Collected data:
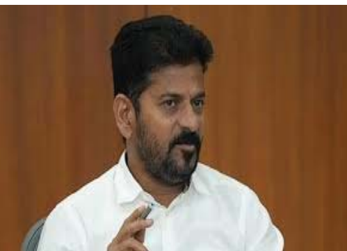
ఉంటాయి. కానీ ఎంపీటీసీలకు, జెడ్పీటీసీలకు ప్రత్యేకంగా నిధులు గానీ, కార్యాలయాల్లో కనీసం కూర్చునేందుకు సీటు గానీ ఉండటం లేదనే అసంతృప్తి ఉంది. ఒకే గ్రామంలో సర్పంచ్, ఎంపీటీసీ మధ్య తరచూ ఘర్షణ వాతావరణం నెలకొంటోంది. అధికారాల విభజనలో స్పష్టత లేకపోవడం అభివృద్ధికి అటంకంగా మారుతోందని నిపుణులు అభిప్రాయపడుతున్నారు. ప్రస్తుతం ఎమ్మెల్యే ఎన్నికల్లో ఎంపీటీసీ, జెడ్పీటీసీలకు ఓటు హక్కు ఉంది, కానీ సర్పంచులకు లేదు. వ్యవస్థను రద్దు చేయడం ద్వారా ఈ అసమానతలను తొలగించవచ్చని ప్రభుత్వం భావిస్తోంది. అయితే.. ఈ నిర్ణయం అమలు చేయడం అంత

- మొదటి పేజీ తరువాయి రేవంత్ ప్రభుత్వం పంచాయతీ రాజ్ శాఖను ఆదేశించింది. ఈ నివేదికలో ఈ వ్యవస్థల వల్ల జరుగుతున్న లాభనష్టాలు, రద్దు చేస్తే కలిగి పరిణామాలు, ఇతర రాష్ట్రాల్లోని పరిస్థితులను పొందుపరచనున్నారు. ప్రభుత్వం ఈ దిశగా చర్యలు వేగంగా తీసుకుంటున్నా చట్టపరంగా, రాజ్యాంగపరంగా ఈ నిర్ణయం అమలు చేయడం అంత సులభం కాదని తెలుస్తోంది. దేశంలో పంచాయతీరాజ్ వ్యవస్థ అనేది 73వ రాజ్యాంగ సవరణ ద్వారా దేశవ్యాప్తంగా ఒకే తీరుగా అమలులోకి వచ్చింది. రాజ్యాంగంలోని నిబంధనల ప్రకారం, రాష్ట్రాలు తమ ఇష్టానుసారం మూడు అంచెల వ్యవస్థలో మార్పులు చేయడం సాధ్యం కాదు. ఎంపీటీసీ, జడ్పీటీసీలను రద్దు చేయాలంటే కేంద్ర ప్రభుత్వం ద్వారా రాజ్యాంగ సవరణ తప్పనిసరి అని నిపుణులు చెబుతున్నారు. రాష్ట్ర ప్రభుత్వం ఇచ్చే నివేదిక ఆధారంగా, ఈ ప్రతిపాదన చట్టపరంగా, రాజకీయంగా ఎంత వరకు సాధ్యమవుతుందనే దానిపై ప్రభుత్వం తుది నిర్ణయం తీసుకోనుంది. కేవలం రాష్ట్ర స్థాయిలో ఒక తీర్మానం చేయడం ద్వారా లేదా ఆర్డినెన్స్ తీసుకురావడం ద్వారా ఈ వ్యవస్థను రద్దు చేయడం కుదరదని ఒక వేళ కేంద్రం సహకరించకపోతే ఇది న్యాయపరమైన చిక్కులకు దారితీస్తుందని విశ్లేషకులు హెచ్చరిస్తున్నారు. ఈ వ్యవస్థలో సర్పంచులకు గ్రామంలో నిధులు, విధులు
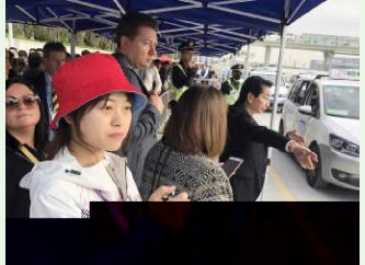
CDEF GHI J KLMNOPQ
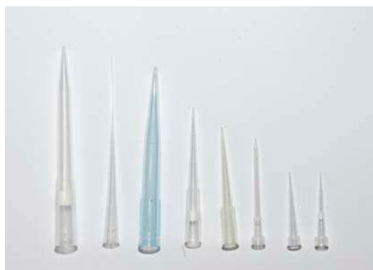
L'utilisation d'embouts est parfois nécessaire pour éviter toute contamination.

On peut rencontrer la pipette lors d'analyses médicales ou même être amenée à la manipuler pour cuisiner.
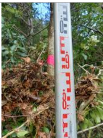
Vue du repère, auteur: OTEIS, 2023

To do: Please return every line of the records above that contains the word "pour".

Solution below:
L'utilisation d'embouts est parfois nécessaire pour éviter toute contamination.
On peut rencontrer la pipette lors d'analyses médicales ou même être amenée à la manipuler pour cuisiner.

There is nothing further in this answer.